* _TASK DATA_:
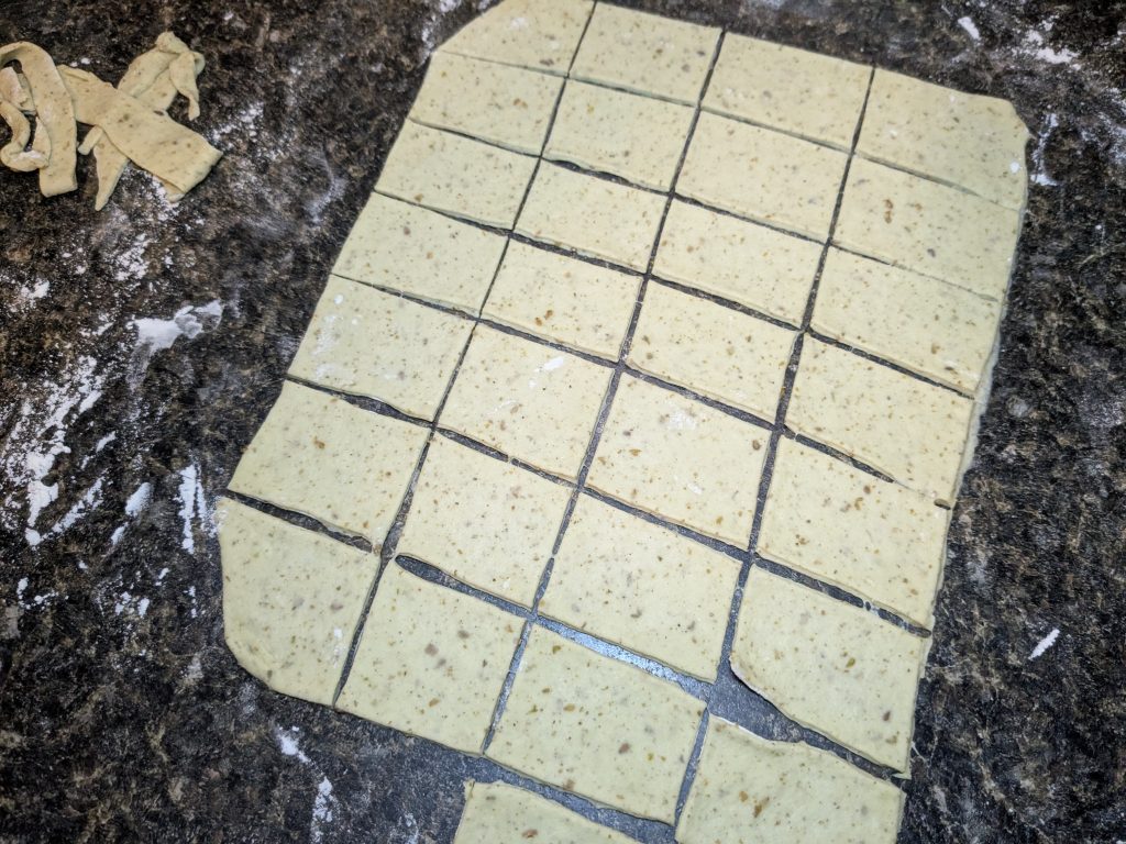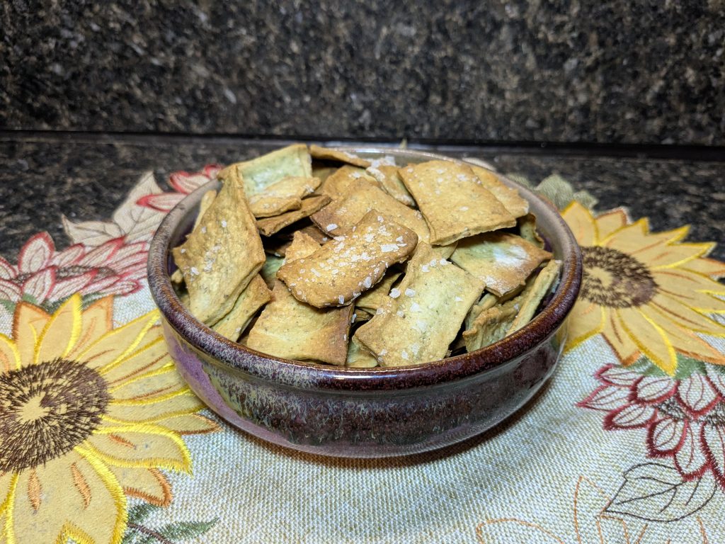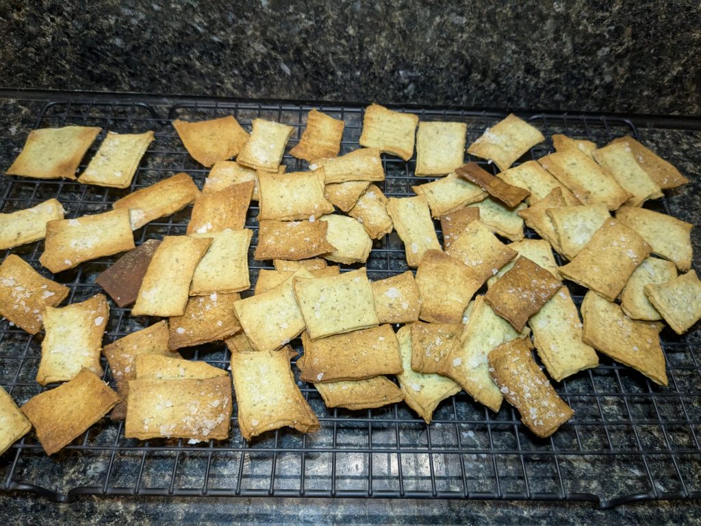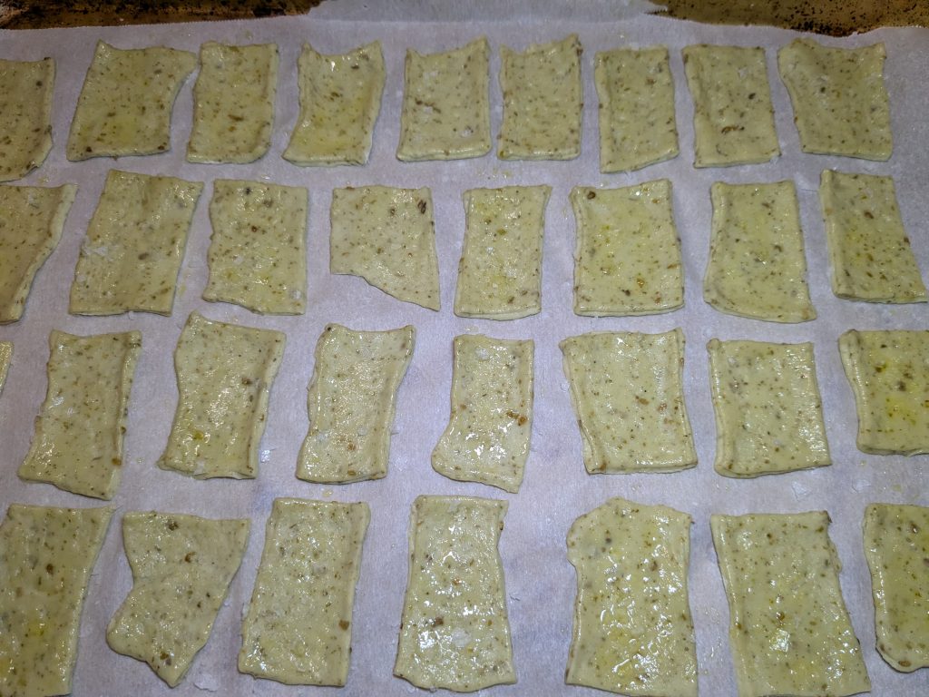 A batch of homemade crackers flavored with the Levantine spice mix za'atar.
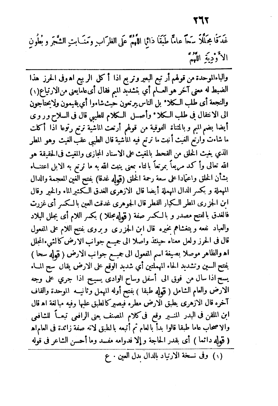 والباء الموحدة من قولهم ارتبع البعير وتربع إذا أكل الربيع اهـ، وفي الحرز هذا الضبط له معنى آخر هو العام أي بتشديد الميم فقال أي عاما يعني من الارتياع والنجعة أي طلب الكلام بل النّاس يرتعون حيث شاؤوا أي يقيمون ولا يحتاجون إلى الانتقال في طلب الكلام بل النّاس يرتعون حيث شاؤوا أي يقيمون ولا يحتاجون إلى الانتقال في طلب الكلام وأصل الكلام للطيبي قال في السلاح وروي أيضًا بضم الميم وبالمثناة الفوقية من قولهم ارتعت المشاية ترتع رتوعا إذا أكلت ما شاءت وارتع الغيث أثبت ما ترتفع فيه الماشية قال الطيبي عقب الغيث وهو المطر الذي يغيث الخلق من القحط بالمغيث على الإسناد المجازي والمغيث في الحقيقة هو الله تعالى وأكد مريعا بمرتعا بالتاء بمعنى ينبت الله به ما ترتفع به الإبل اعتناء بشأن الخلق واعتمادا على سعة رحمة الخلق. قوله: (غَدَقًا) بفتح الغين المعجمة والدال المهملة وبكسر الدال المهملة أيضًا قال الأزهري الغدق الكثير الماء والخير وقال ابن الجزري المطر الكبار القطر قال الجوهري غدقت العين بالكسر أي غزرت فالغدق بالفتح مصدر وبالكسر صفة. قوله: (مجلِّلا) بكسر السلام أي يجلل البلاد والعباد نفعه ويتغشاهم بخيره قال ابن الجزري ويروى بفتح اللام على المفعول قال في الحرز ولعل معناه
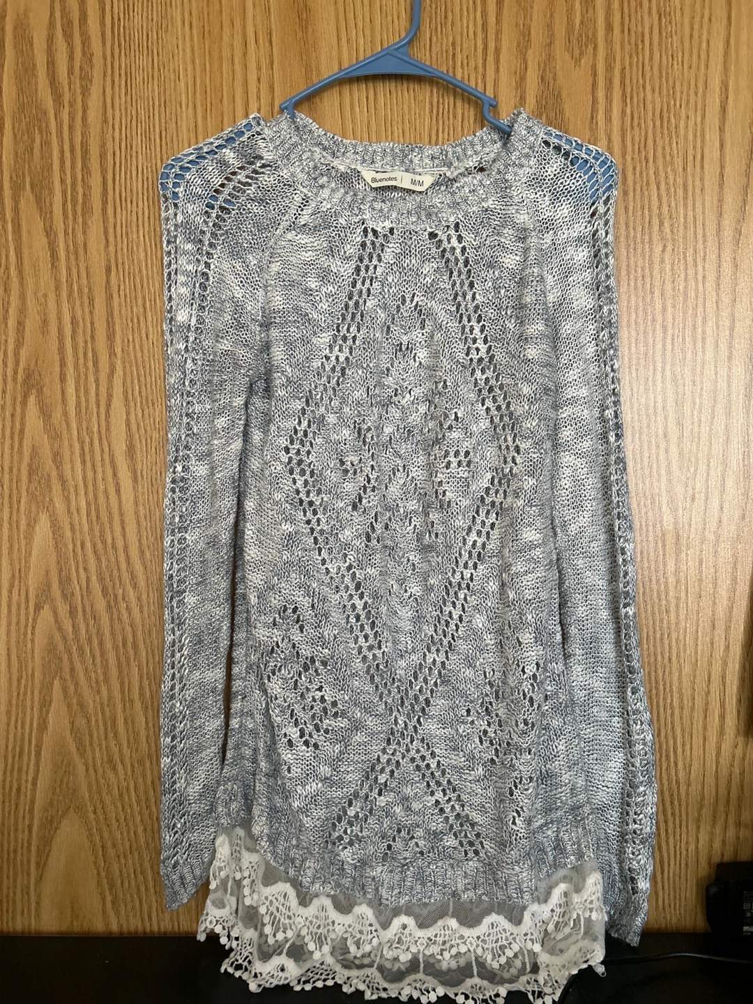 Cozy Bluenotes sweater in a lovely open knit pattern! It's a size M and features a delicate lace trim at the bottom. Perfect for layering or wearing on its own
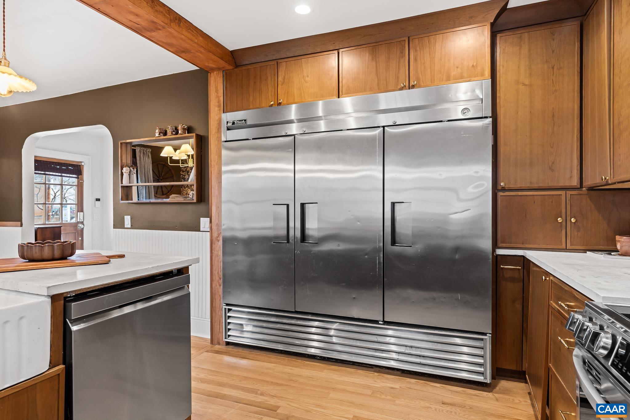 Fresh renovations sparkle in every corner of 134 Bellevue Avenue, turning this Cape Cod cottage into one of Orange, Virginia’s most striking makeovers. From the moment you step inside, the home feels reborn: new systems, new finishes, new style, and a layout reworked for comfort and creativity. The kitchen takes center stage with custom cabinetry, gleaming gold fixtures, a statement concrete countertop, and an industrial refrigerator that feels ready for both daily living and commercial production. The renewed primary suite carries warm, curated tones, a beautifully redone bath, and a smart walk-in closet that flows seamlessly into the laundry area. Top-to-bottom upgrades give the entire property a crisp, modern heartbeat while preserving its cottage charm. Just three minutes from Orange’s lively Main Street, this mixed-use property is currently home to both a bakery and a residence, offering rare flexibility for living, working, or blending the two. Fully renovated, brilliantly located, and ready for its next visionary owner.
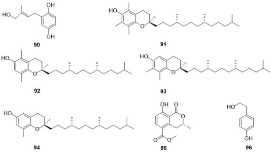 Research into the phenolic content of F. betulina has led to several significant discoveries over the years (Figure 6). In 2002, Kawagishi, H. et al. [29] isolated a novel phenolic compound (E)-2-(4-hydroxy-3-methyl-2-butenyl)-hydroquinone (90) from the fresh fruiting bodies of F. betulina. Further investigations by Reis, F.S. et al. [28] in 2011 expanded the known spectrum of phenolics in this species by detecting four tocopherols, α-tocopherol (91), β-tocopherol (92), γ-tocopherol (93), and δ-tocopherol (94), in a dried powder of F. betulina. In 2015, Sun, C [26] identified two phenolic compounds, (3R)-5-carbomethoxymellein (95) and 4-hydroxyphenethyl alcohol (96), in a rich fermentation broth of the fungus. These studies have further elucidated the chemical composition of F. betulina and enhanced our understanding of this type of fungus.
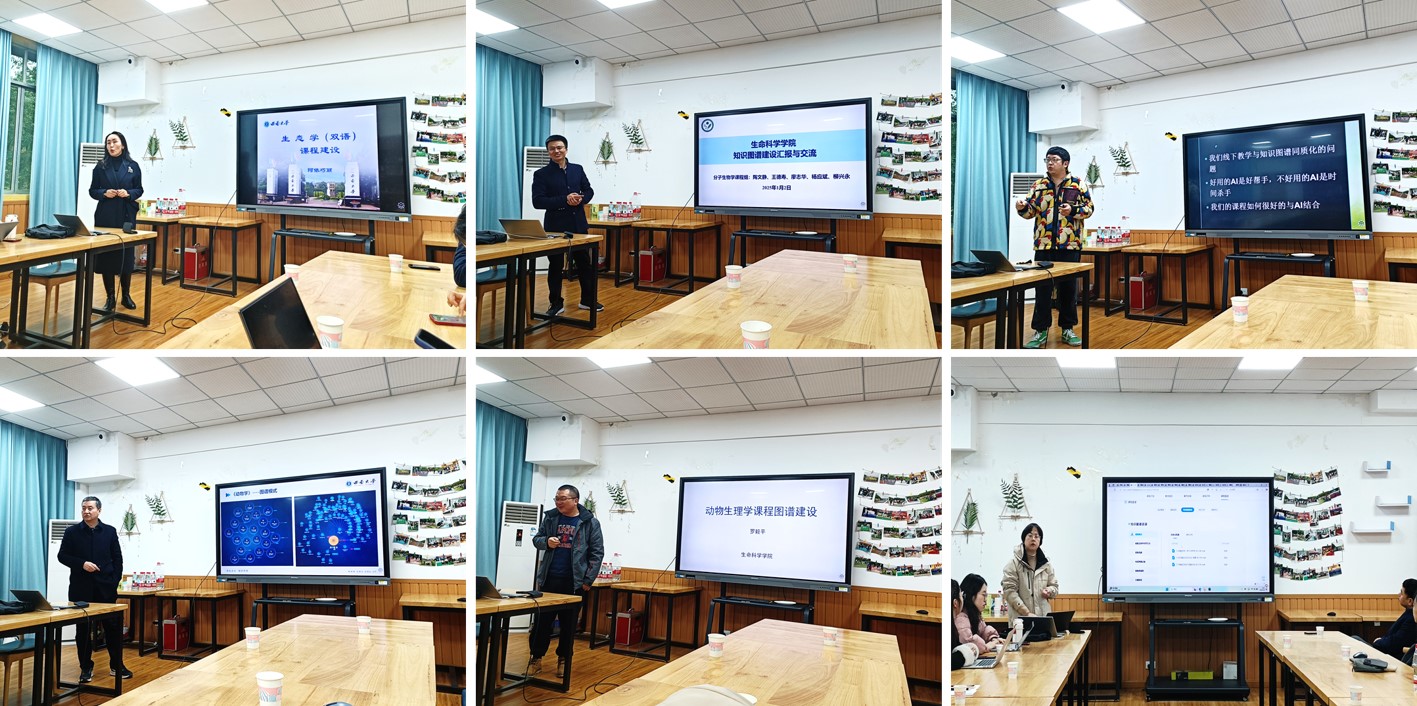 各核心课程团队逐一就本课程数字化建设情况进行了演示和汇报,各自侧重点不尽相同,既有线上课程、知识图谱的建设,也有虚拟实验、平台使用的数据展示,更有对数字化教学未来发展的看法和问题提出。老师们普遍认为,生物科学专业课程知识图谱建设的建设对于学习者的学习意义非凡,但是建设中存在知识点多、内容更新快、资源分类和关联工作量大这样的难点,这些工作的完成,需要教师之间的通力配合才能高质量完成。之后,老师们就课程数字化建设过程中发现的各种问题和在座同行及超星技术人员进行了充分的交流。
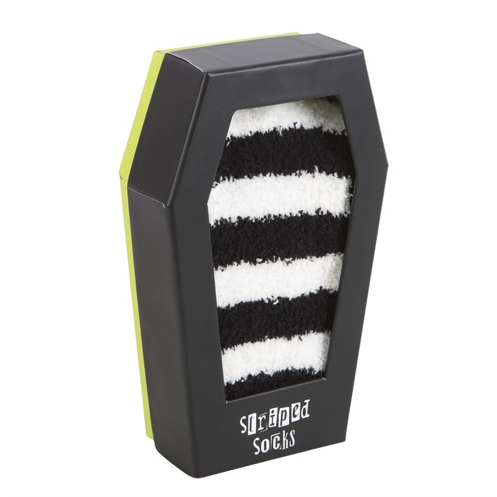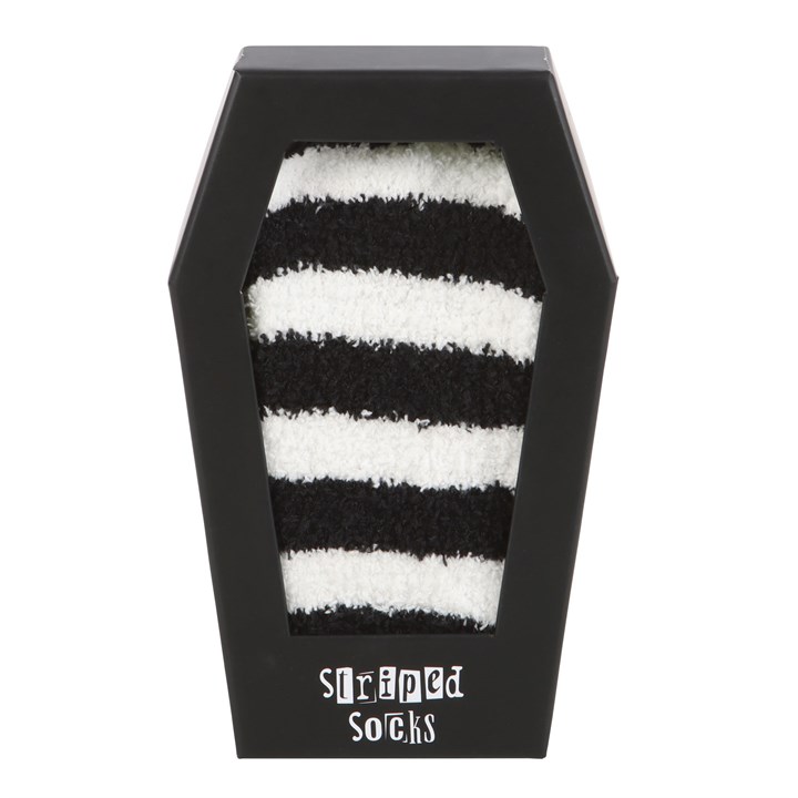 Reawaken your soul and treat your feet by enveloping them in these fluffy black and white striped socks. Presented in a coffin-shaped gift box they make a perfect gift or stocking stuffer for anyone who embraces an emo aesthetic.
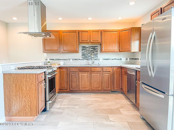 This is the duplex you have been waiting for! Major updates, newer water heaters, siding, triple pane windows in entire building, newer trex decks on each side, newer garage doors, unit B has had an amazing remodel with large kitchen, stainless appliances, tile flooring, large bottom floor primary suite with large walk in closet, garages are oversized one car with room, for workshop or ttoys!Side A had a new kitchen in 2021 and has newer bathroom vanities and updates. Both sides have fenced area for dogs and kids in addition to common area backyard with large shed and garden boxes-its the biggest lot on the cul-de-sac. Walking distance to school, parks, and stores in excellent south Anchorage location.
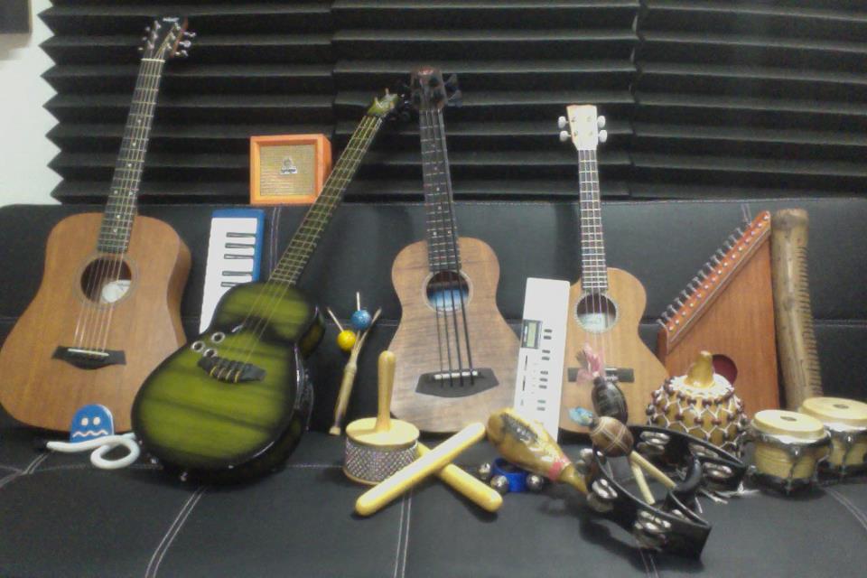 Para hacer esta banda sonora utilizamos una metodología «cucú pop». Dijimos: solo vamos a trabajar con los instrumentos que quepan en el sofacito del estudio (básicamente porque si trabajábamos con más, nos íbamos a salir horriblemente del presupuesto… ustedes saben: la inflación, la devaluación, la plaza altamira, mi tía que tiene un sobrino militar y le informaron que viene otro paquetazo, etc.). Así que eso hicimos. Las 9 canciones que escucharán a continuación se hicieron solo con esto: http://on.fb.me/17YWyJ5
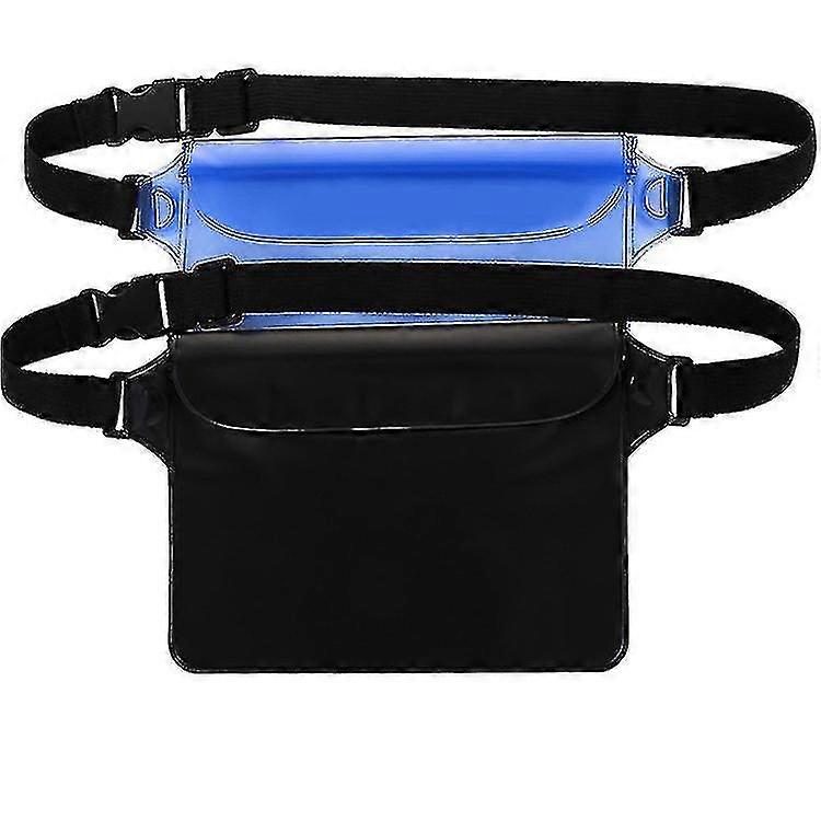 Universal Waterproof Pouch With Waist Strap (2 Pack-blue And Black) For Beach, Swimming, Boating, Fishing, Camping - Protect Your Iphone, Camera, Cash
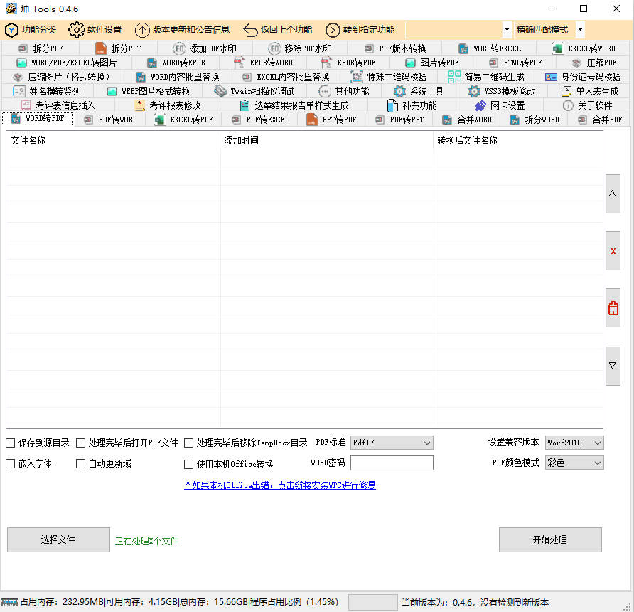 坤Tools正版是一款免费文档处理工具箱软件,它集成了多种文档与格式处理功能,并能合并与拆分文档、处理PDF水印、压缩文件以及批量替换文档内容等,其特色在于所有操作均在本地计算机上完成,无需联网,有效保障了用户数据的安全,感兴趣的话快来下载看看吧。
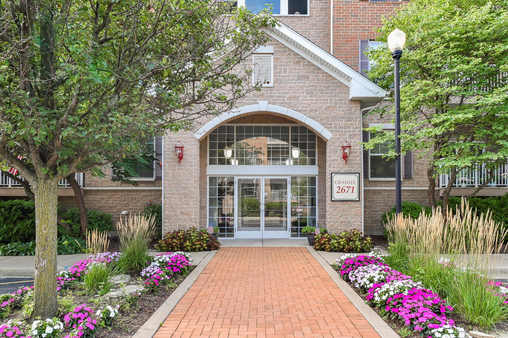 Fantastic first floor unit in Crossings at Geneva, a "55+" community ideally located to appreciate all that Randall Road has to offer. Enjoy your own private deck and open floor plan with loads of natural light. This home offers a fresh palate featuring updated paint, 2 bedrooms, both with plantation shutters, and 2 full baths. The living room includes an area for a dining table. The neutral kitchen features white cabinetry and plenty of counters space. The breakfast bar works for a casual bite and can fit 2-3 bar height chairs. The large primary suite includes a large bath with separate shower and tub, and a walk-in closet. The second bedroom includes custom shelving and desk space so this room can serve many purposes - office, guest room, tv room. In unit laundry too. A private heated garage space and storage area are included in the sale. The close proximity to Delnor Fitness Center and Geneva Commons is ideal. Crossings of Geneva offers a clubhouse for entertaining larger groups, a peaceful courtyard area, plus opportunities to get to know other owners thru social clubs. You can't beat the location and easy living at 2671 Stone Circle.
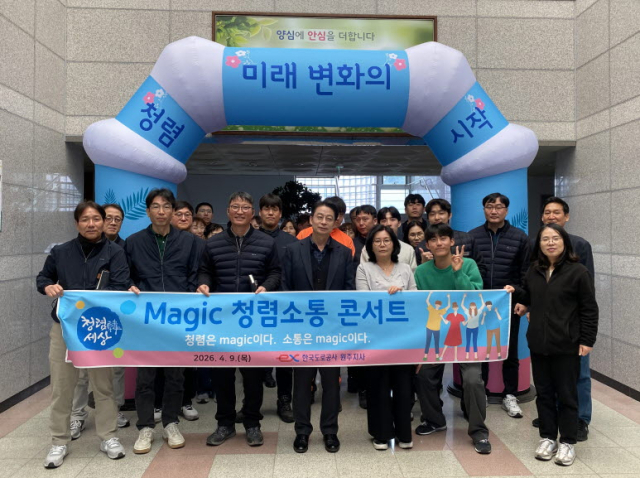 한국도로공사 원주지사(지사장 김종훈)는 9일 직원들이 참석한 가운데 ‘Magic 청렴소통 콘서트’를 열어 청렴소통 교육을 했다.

* _PROBLEM DESCRIPTION_: Output only the lines that run from the line containing "坤Tools正版是一款免费文" to the last line of the data, exactly as they stand and without pictures.

* _TASK RESPONSE_:
 坤Tools正版是一款免费文档处理工具箱软件,它集成了多种文档与格式处理功能,并能合并与拆分文档、处理PDF水印、压缩文件以及批量替换文档内容等,其特色在于所有操作均在本地计算机上完成,无需联网,有效保障了用户数据的安全,感兴趣的话快来下载看看吧。
 Fantastic first floor unit in Crossings at Geneva, a "55+" community ideally located to appreciate all that Randall Road has to offer. Enjoy your own private deck and open floor plan with loads of natural light. This home offers a fresh palate featuring updated paint, 2 bedrooms, both with plantation shutters, and 2 full baths. The living room includes an area for a dining table. The neutral kitchen features white cabinetry and plenty of counters space. The breakfast bar works for a casual bite and can fit 2-3 bar height chairs. The large primary suite includes a large bath with separate shower and tub, and a walk-in closet. The second bedroom includes custom shelving and desk space so this room can serve many purposes - office, guest room, tv room. In unit laundry too. A private heated garage space and storage area are included in the sale. The close proximity to Delnor Fitness Center and Geneva Commons is ideal. Crossings of Geneva offers a clubhouse for entertaining larger groups, a peaceful courtyard area, plus opportunities to get to know other owners thru social clubs. You can't beat the location and easy living at 2671 Stone Circle.
 한국도로공사 원주지사(지사장 김종훈)는 9일 직원들이 참석한 가운데 ‘Magic 청렴소통 콘서트’를 열어 청렴소통 교육을 했다.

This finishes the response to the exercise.